We have made a lot of experiences with guests at the Ashram and of course, in the same way as I describe them here on my blog, there are guests who write blogs and they write about what they have seen and done in India. We often connect with them through social media – or are even connected before they arrive at the Ashram – so we read there, too, what they share with their friends. Sometimes I feel like telling the writers that they should travel a bit longer, live in India for some time, learn the language and live among Indians instead of surrounding yourself with other foreigners.
Why am I saying this? I have seen so often that people come to India for two months, four weeks or even only two weeks and then write an article with advice saying ‘If you come to India you have to do this…’ or ‘Indians are like this…’. They give very strong statements not about their particular situation or experience. They generalize whatever they have seen and tell everyone that this is India.
Let me give you an example: in one blog I read a woman saying ‘Touching each other, even in friendship is a taboo in India! Nobody hugs each other, physical contact of any kind does not take place!’ I was so surprised to read such lines and wondered how she, in the time that she spent in India and especially at the Ashram, could have missed that people walk arm in arm, that they don’t hesitate placing a hand on each other’s shoulders and that especially friends are quite physical with each other?

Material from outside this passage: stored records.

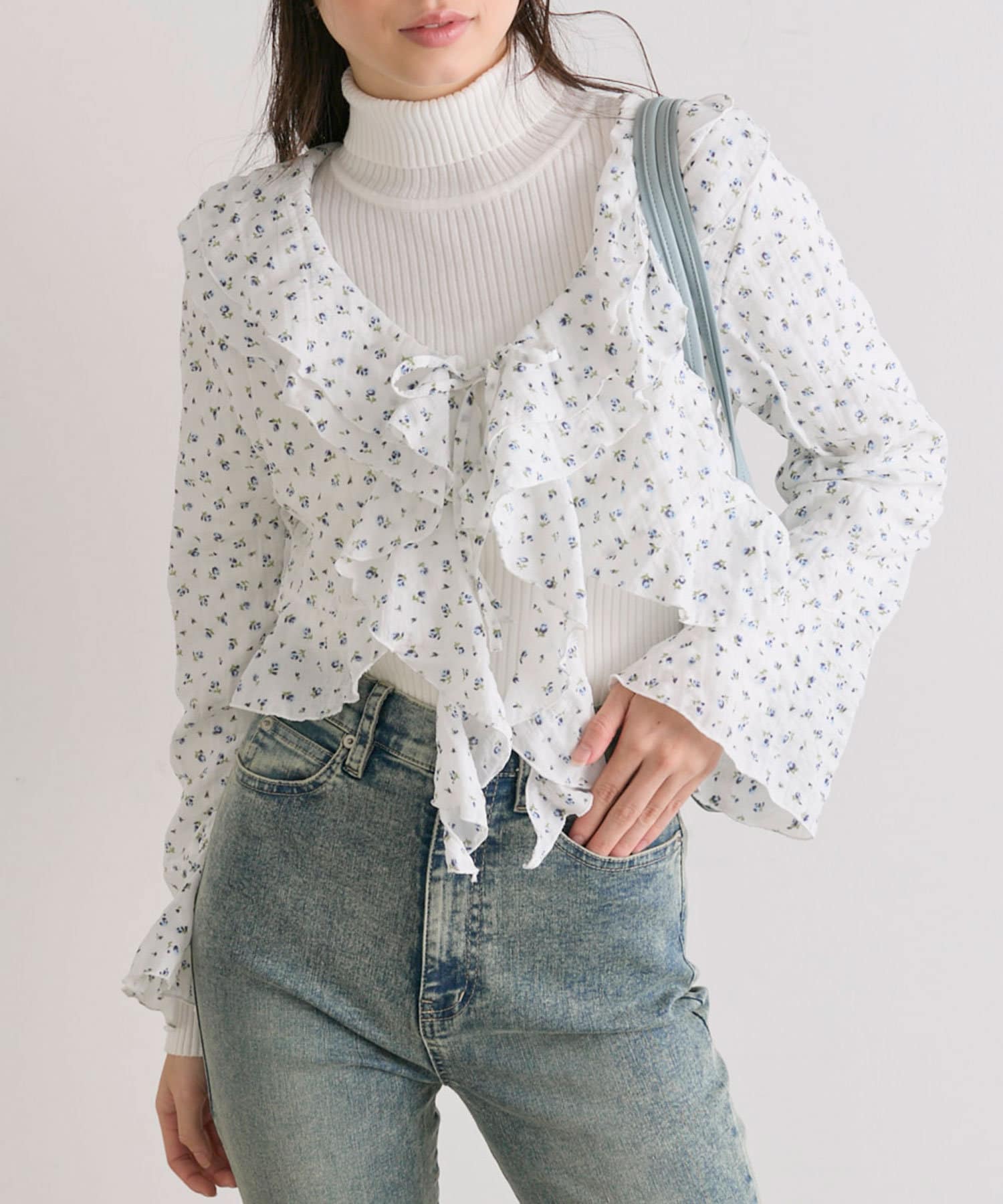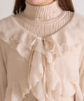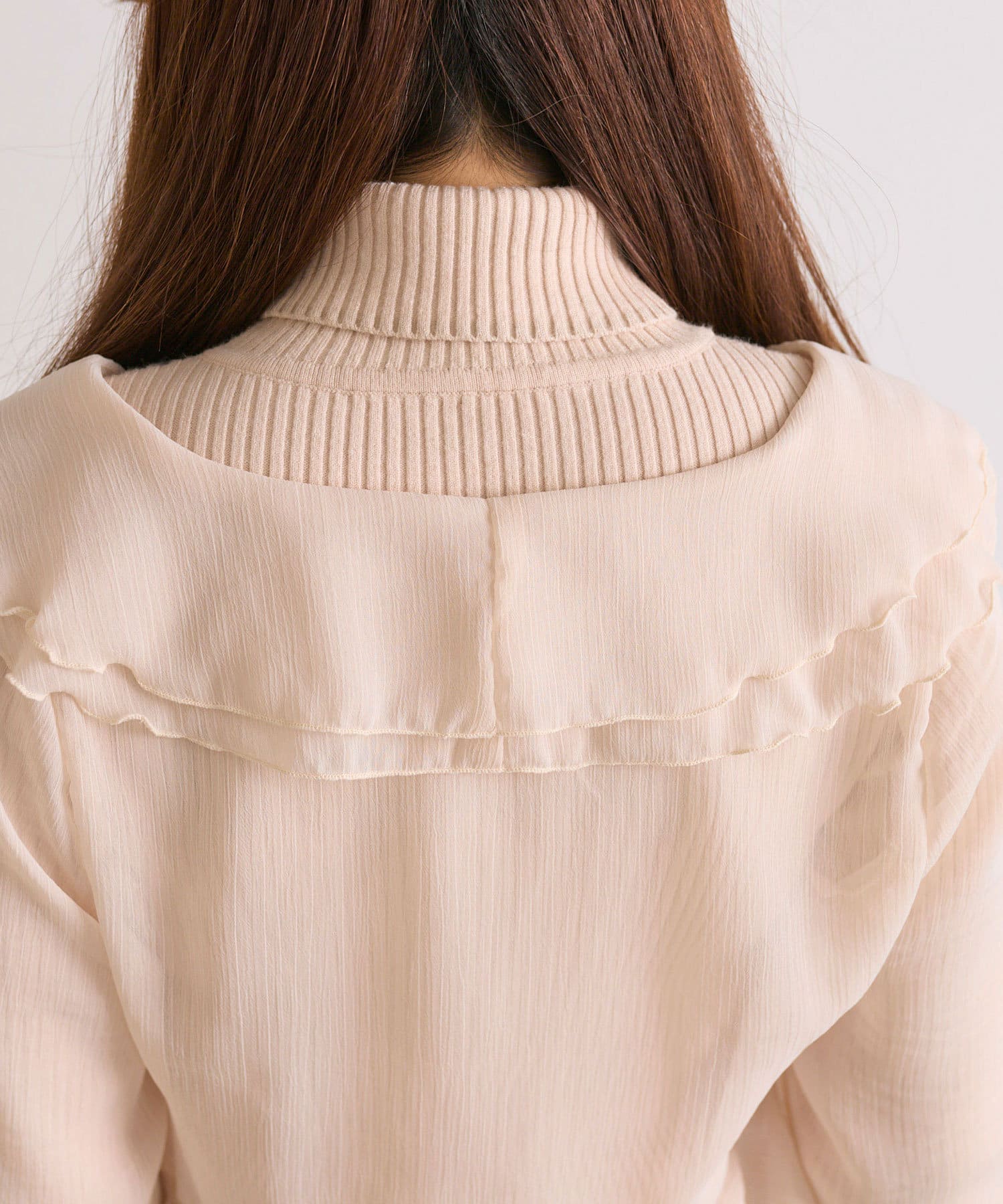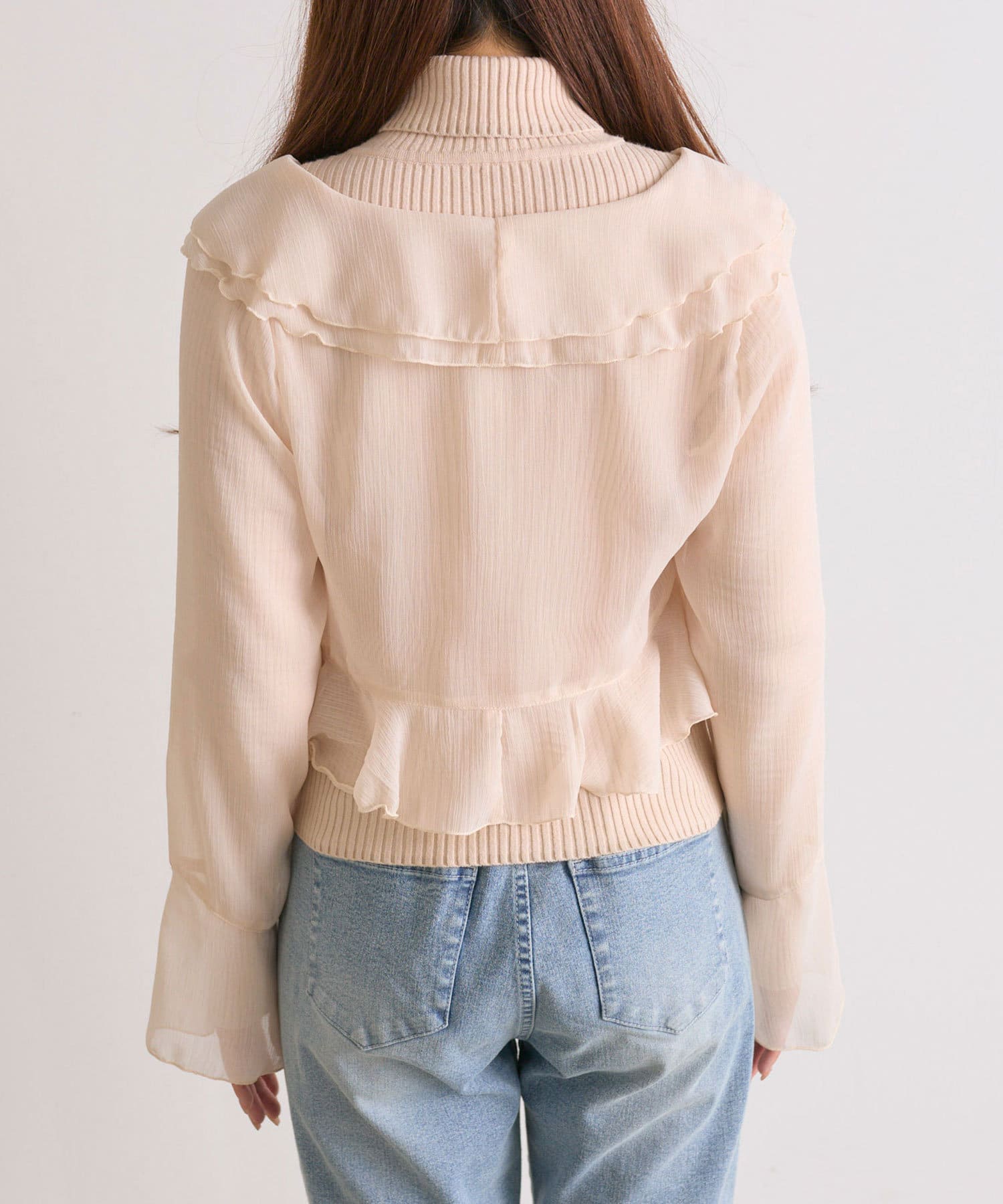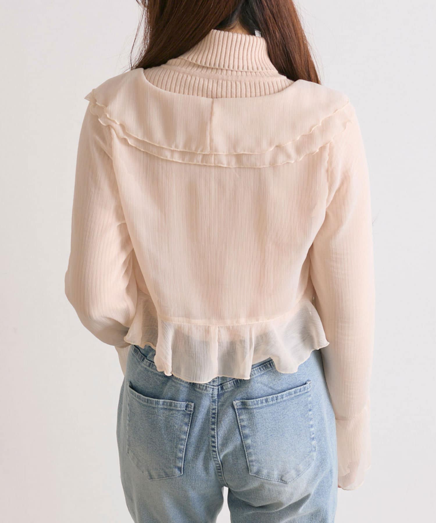 ・シンプルなタートルインナーと、ラッフルデザインがかわいいボレロのセットアイテム。
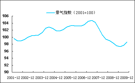 2009年1-4季度,電力行業(yè)的景氣指數(shù)為98.62(2001年=100),比1-3季度上升0.98個點,連續(xù)上升三個季度。
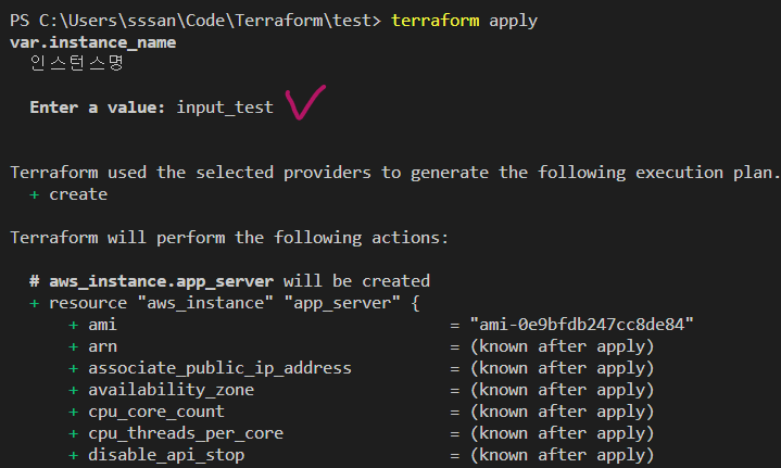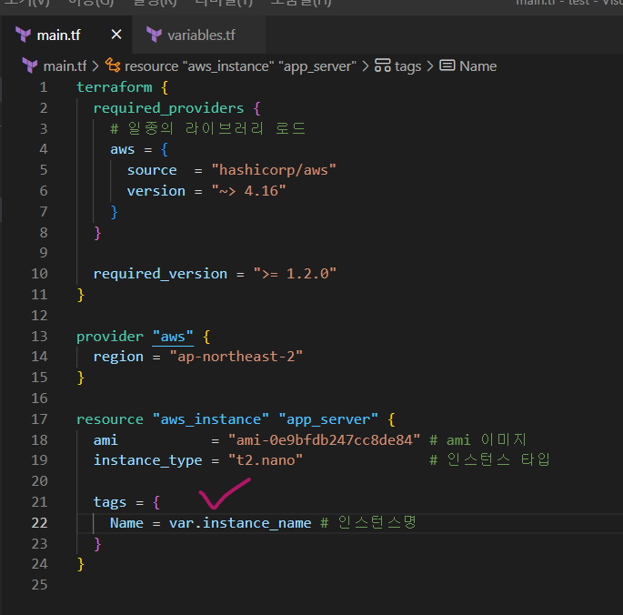 그리고 resource 구문을 통해 ec2 인스턴스 리소스를 정의했다.
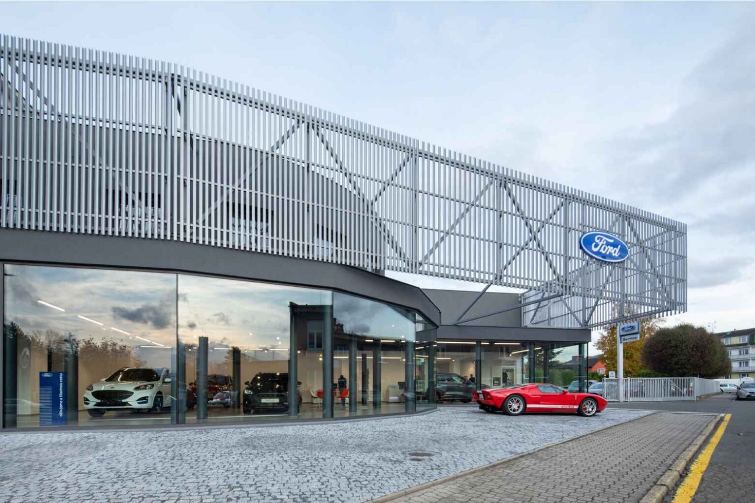 Výrazným architektonickým motivem se stala předsazená ocelová konstrukce zasahující do prostoru nad chodníkem. Tento prvek redefinuje vstupní fasádu, působí jako vizuální orientační bod a vytváří nezaměnitelnou identitu autosalonu. Modernizace tak sjednotila funkční potřeby provozu s novým vzhledem, který lépe komunikuje značku a očekávání současného zákazníka.
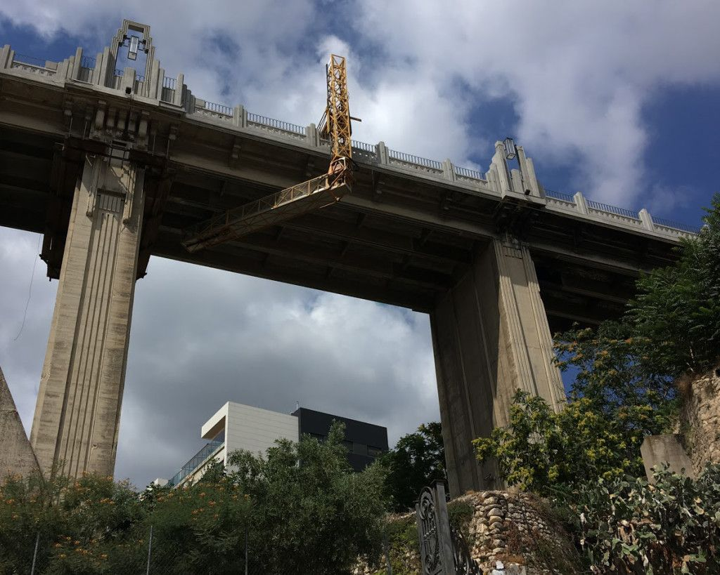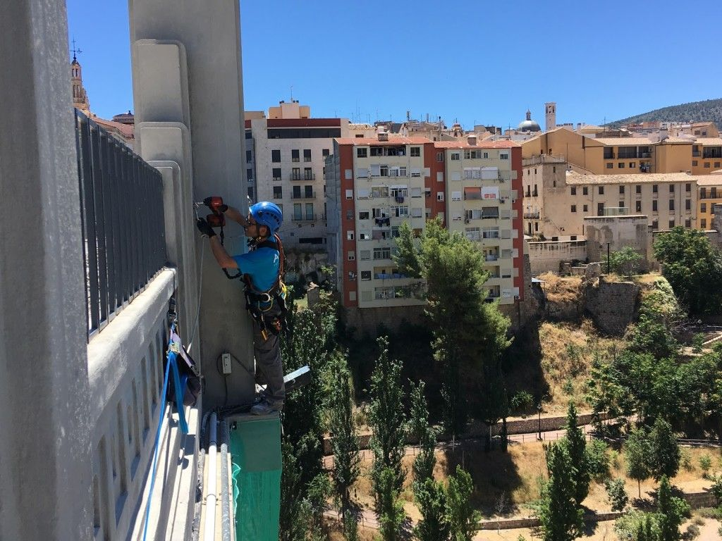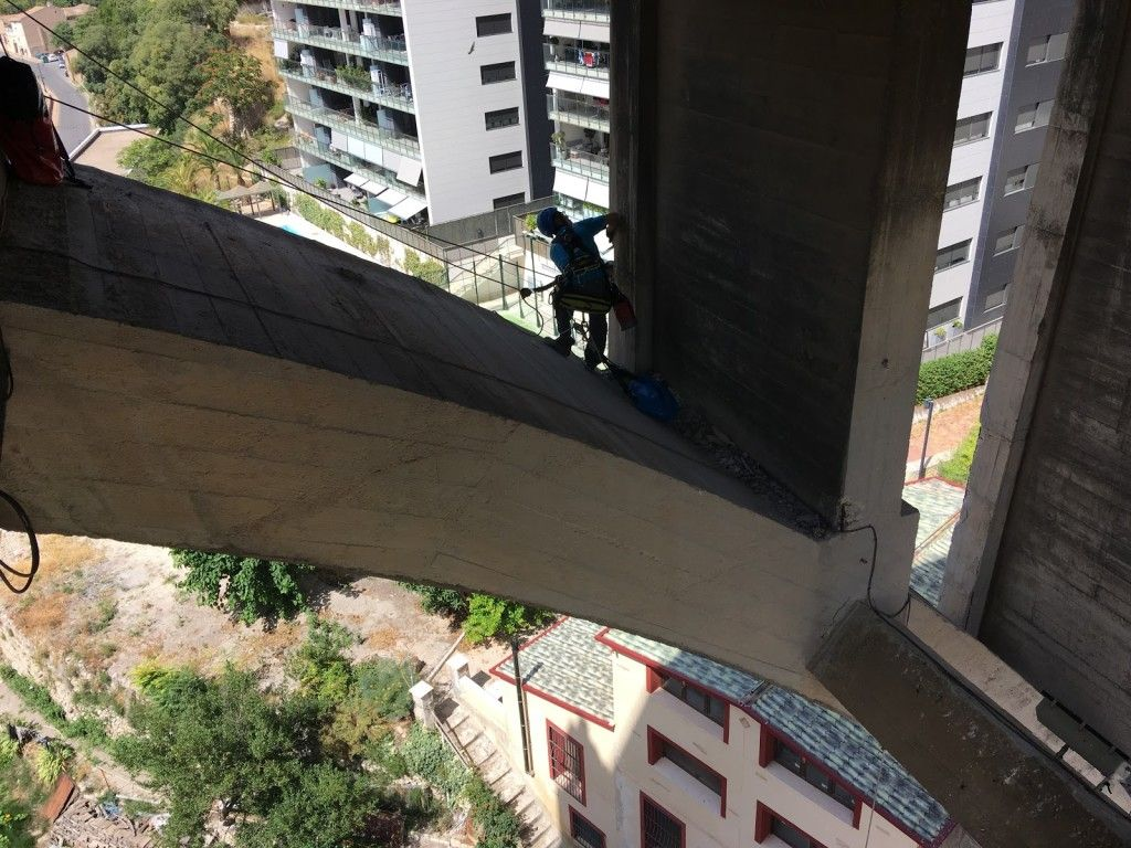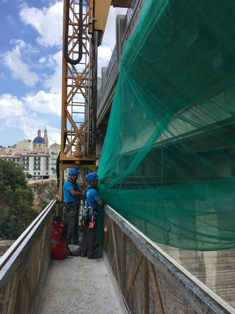 Para la segunda fase y dado que era en una zona más compleja de trabajar, ya que entrabamos en la zona arqueada del puente tuvimos que echar mano de nuestra experiencia en trabajos verticales y en altura.
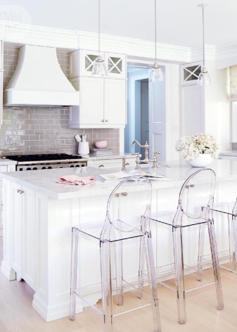Високите бар столове често се използват за оборудване на малък кухненски остров. Резултатът е удобно място за кратко хранене и приятно прекарване с чаша кафе или чай..
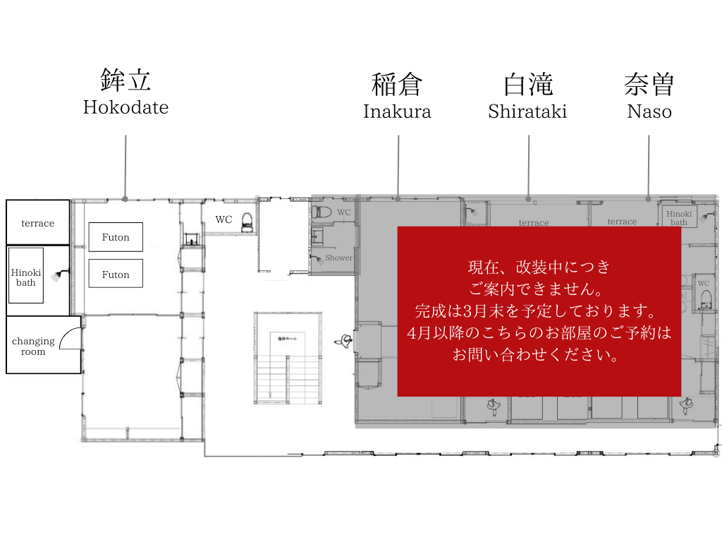 | 総客室数 | 5室(うち3部屋改修工事中) |
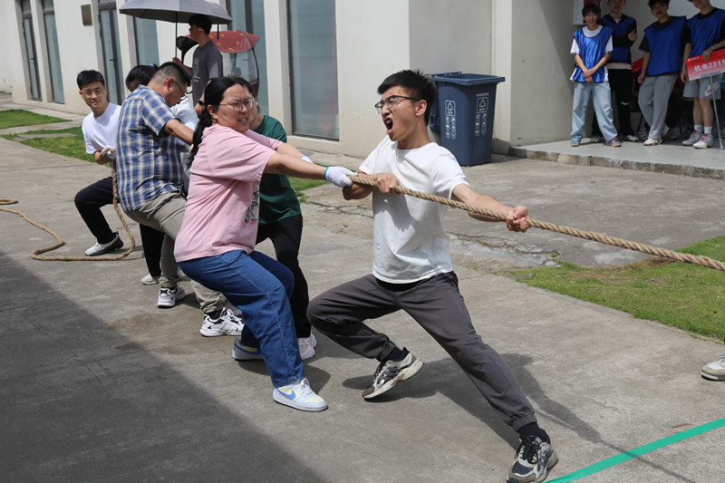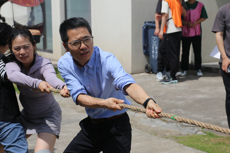 随着裁判员的哨声响起,比赛正式开始!老师们拼劲十足,双手紧握长绳,压低重心,铆足了劲,齐心协力拼命往后拉,红布条在中线两侧来回艰难移动。围观的师生们也为老师们的拼劲所感染,摩拳擦掌恨不得直接上手。欢呼声、呐喊声、加油声、助威声响成一片,激烈的比拼将整个活动推向高潮。经过一番拉锯战,教工第一支部获得第一名。

Yes, men and women in marriageable age don’t usually hug and touch each other very much, that is true. Particularly in friendships though, among men and among women, people are very close, also physically. This lady had just seen a small part of India and did obviously not look very closely – but she makes a statement about the whole of India, pitying everyone in the country for a lack of human touch which only exists in her mind.
While this woman described a negative impression of India, another blog writer surprised me when he rushed to a conclusion that was overly positive for this country. Yes, in India people live in joint families with their parents, aunts, cousins and other family members. It is a wonderful concept that I support and believe is right. At the Ashram, too, you have an example of a community that lives well together, without fights and tension that western people often expect to be unavoidable. That does not mean however what this writer assumed: ‘All over India there are families living in peace and harmony. They love each other, don’t fight for their parents’ money and property and manage to share it all unconditionally!’ Unfortunately not everything looks that bright in India either! Families have conflicts, just like everywhere and in many it is exactly that, money and inheritance, that lets them break apart. We are witnessing a trend towards separate homes right now – something this man might have found out in a talk with us but hardly just by watching the surrounding, as nobody shows their family problems to a stranger…
It is good that people tell of their experiences honestly and freely. Others get an impression of what India is like and may want to come, too. Just don’t jump to conclusions for an entire country, a whole culture and a complete society. What you have seen is only a small frame of a huge country with uncountable facets of life!